Aulnay salua et disparut avec la prestesse d’un lutin. Innocent vint s’asseoir alors sur les cordages et fit signe à Renaud de venir à son côté. Cette fois le jeune homme se laissa choir si lourdement que les planches du pont résonnèrent sous ses genoux :

— Recueillez-vous un moment ! conseilla le Pape. Et puis parlez sans crainte et surtout sans rien chercher à dissimuler. Nous voulons « tout » savoir. Vous commencerez par votre histoire.

Alors, à la suite de quelques instants d’une réflexion où il eut toutes les peines du monde à mettre deux idées bout à bout, Renaud entreprit le récit de sa courte vie et, après un début hésitant, difficile, découvrit que cela devenait plus aisé à mesure qu’il parlait. Cet homme en blanc assis devant lui était sans doute le maître de la Chrétienté tout entière, mais son regard attentif, encourageant, était plein de compréhension. Alors il n’omit rien… Pas même le secret qu’Adam Pellicorne avait emporté dans sa tombe : celui de sa naissance. Un scrupule de conscience né après qu’il eut tout relaté, le poussa à cette ultime confidence.

— Ainsi, murmura Innocent qui, depuis un moment, semblait plongé dans une profonde méditation, Thibaut de Courtenay était votre aïeul… et non votre père. Nous nous en doutions, d’ailleurs… à cause de la grande différence d’âge. Il est difficile d’imaginer une jeune princesse éprise d’un vieillard.

— Votre Sainteté… le condamne-t-elle pour ce mensonge ? Il ne l’a commis que par amour pour moi…

— Inutile de plaider une cause qui n’en a pas besoin ! Peut-être qu’à sa place nous aurions agi de même. Il faut aimer chèrement pour charger son âme d’un mensonge par-delà la tombe, mais quand l’aïeul paternel n’est autre que… Saladin, le problème est difficile à résoudre. Sauf à vous condamner à une vie misérable, rejeté de la Chrétienté, ce qui est beaucoup pour un enfant. Sauf… auprès d’un seul souverain, peut-être…

— Le… lequel ?

— Mais ce démon de Frédéric ! Il est à moitié musulman si ce n’est tout entier. Il vous ferait sans doute place entre ses poètes, ses danseuses, son harem et ses animaux bizarres…

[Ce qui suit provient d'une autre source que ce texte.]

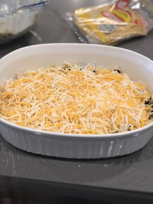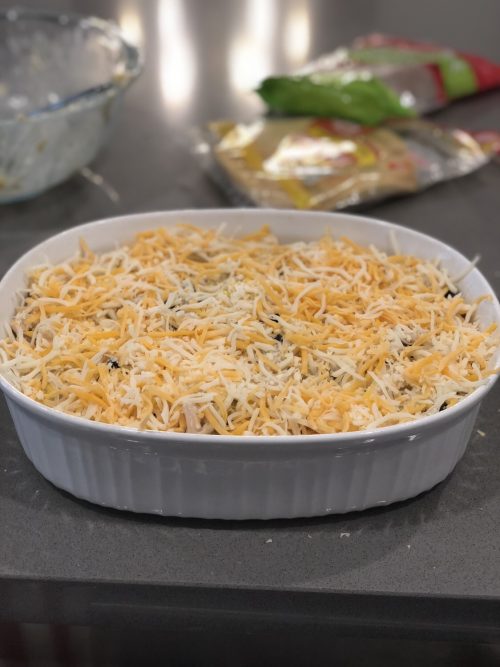 Sprinkle cheese over the Chicken mix for your third layer and repeat these steps for layers 4, 5 and 6.

Une bouffée d’indignation redressa Renaud :

— Oh non !… Déjà le fait d’être né en Terre Sainte a fait de moi une sorte de curiosité, mais à ce point…

— Allons calmez-vous ! Il ne saurait en être question et nous pensons à présent que, désirant vous charger en outre de retrouver la Vraie Croix, Thibaut de Courtenay a fait le bon choix ! Priez, maintenant, nous allons vous donner… ainsi peut-être qu’à son âme peut-être en peine, notre absolution pleine et entière. Il vous en sera remis acte manuscrit signé de notre main afin que s’effacent les accusations mensongères portées contre vous.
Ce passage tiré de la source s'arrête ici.